> _ACTIVITY_: Could you retype exactly the lines below between the one holding "board, wood, snack" and the one holding "Malen nach Zahlen", inclusive, leaving out any pictures?

[Opening EXTRACTED ENTRIES section]

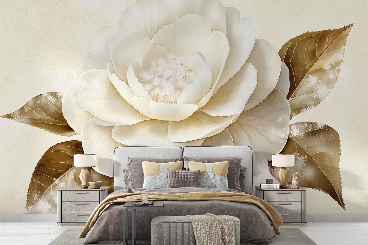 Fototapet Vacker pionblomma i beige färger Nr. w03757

[Closing EXTRACTED ENTRIES section]
[Opening EXTRACTED ENTRIES section]

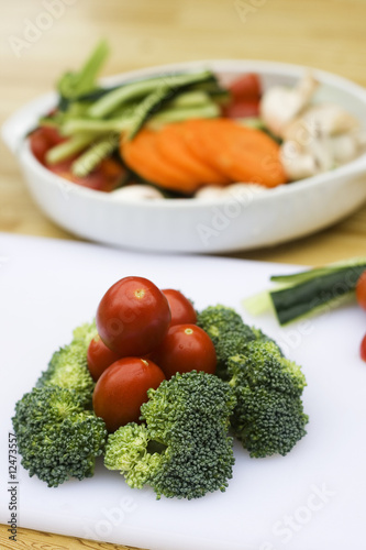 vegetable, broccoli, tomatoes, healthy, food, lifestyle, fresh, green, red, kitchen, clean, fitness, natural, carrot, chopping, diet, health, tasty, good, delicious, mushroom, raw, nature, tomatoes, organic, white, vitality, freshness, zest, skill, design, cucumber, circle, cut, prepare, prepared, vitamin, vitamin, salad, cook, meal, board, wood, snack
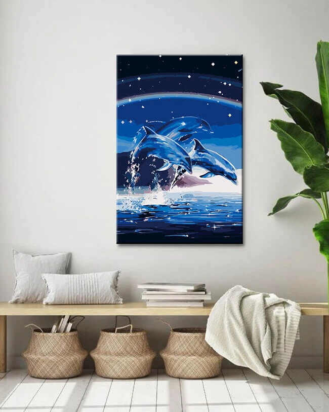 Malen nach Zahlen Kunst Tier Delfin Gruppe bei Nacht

[Closing EXTRACTED ENTRIES section]

> _RESPONSE FOR THIS EXERCISE_:
 vegetable, broccoli, tomatoes, healthy, food, lifestyle, fresh, green, red, kitchen, clean, fitness, natural, carrot, chopping, diet, health, tasty, good, delicious, mushroom, raw, nature, tomatoes, organic, white, vitality, freshness, zest, skill, design, cucumber, circle, cut, prepare, prepared, vitamin, vitamin, salad, cook, meal, board, wood, snack
 Malen nach Zahlen Kunst Tier Delfin Gruppe bei Nacht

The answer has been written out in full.